Bayi mulai diberikan makanan lebih padat atau memegang makanan sendiri idealnya pada usia 8 bulan. Hal tersebut bertujuan untuk melatih kemampuan motorik. Salah satu, finger food yang instan adalah biskuit bayi.
Namun, masih banyak yang salah kaprah dengan mengencerkan biskuit bayi. Padahal biskuit bayi bisa diberikan sesuai dengan bentuk aslinya.

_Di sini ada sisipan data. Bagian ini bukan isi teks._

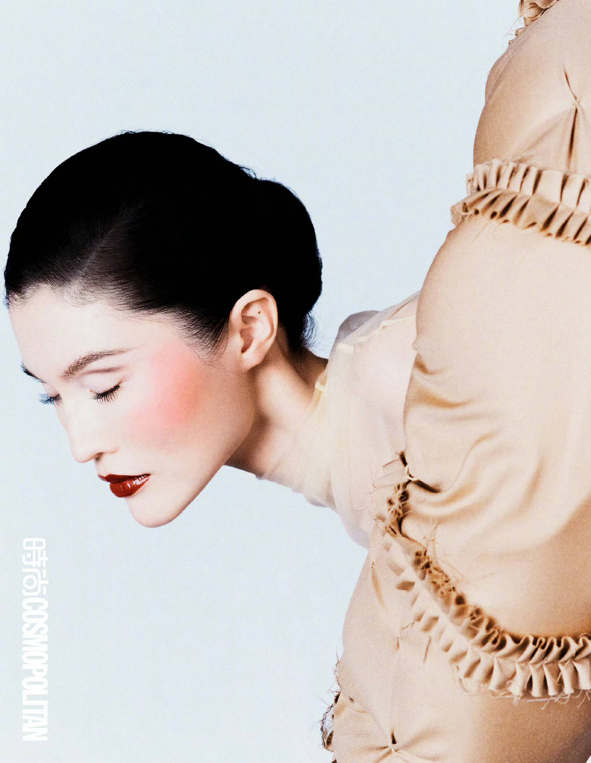 何穗垂眸,裸色纱裙配腮红温柔。

"Biskuit bayi sengaja dibuat garing, sehingga ketika dikerat akan lumer sendiri," kata dr. Klara Yuliarti, SpA(K), dokter spesialis kesehatan anak, ketika ditemui di RSCM, Jakarta Pusat, Jumat (18/1).
Selain itu, Klara mengingatkan agar para orang tua memerhatikan label gizi dan izin BPOM sebelum membeli biskuit bayi. Oleh karena itu, dia menyarankan pemberian finger food yang dibuat sendiri karena kandungan gizinya juga bisa diperhatikan.
Menurutnya, bayi berusia 10 bulan sudah mulai bisa diperkenalkan family food sesuai dengan menu keluarga. Hanya saja, perlu diingat tetap dibuat lebih lembut ddengan cara dikukus atau direbus dahulu untuk makanan tertentu.
"Sayur-sayuran juga boleh dijadikan finger food tetapi tidak usah banyak karena bayi tidak butuh sayur dan buah yang banyak. Bayi tidak terlalu membutuhkan serat," pungkas Klara.